Comparison of FAPP2–GLTPH domain with other family members. a, structure superimposition of the GSL-specific proteins: human FAPP2–GLTPH domain (orange), human GLTP (green), fungal heterokaryon incompatibility C2 protein, HET-C2, of P. anserina (blue), and GLTP-like protein from the thermoacidophilic unicellular red alga, G. sulfuraria (cyan) (PDB codes 5KDI, 3S0K, 4KV0, and 2I3F, respectively). 18:1-GalCer is shown as bound to FAPP2–GLTPH. The blue-shaded area highlights the ID loops. The GLTP PPFF and FAPP2 PTFF sequences are indicated by green and orange braces, respectively. Newly identified conserved linkages 1 and 2 are indicated by dashed lines; the double-headed arrow 3 points to the strictly conserved Gly and Pro on opposite sides of the gate controlling the access to the hydrophobic pocket in the GLTP fold. Colored arrows point to the C-ends of HET-C2 (blue) and G. sulfuraria protein (cyan). Color codes for GSL atoms are defined in Fig. 1. b, poststructural sequence alignment of six proteins belonging to the GLTP family (see Fig. S1a). Color codes are blue for the recognition center residues, green for the conserved/semiconserved residues, and red and orange for Phe and similarly positioned Tyr/Trp, respectively.
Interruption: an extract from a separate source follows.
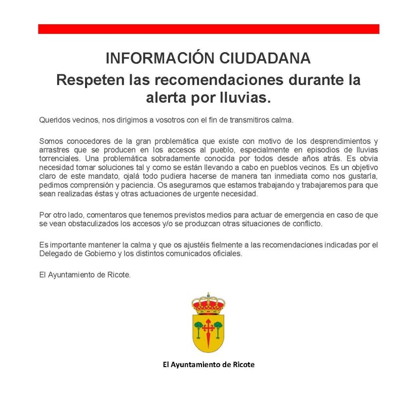 Es importante mantener la calma y que os ajustéis fielmente a las recomendaciones indicadas por el Delegado de Gobierno y los distintos comunicados oficiales.
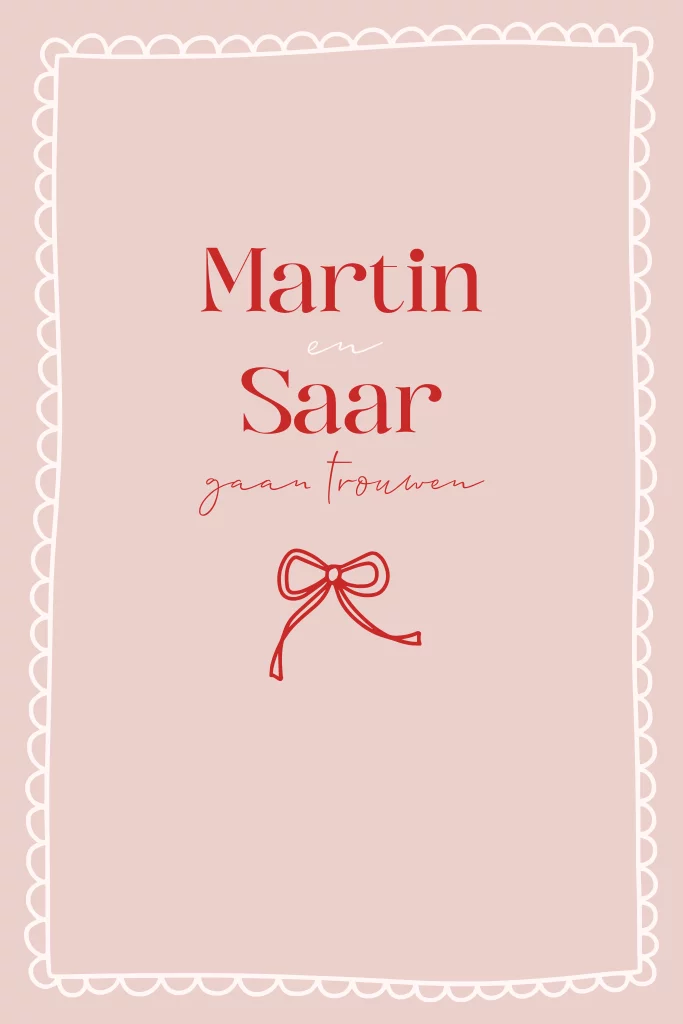 Deze vrolijke trouwkaart in roze en rode kleuren met een strikje en een leuke golfjes rand kun je helemaal aanpassen naar wens en smaak. Mart & Saar

Recognition center residues of the C1P-specific family also are blue but shaded in gray when different from the GSL-specific family. Exceptions among conserved residues are shaded by yellow. The upper and lower cylinders (small silver for 3₁₀-helices; other for α-helices) indicate the locations of secondary structure elements found in GLTP and CPTP, respectively. Within the red rectangle are the ID-loop sequences that vary among each member.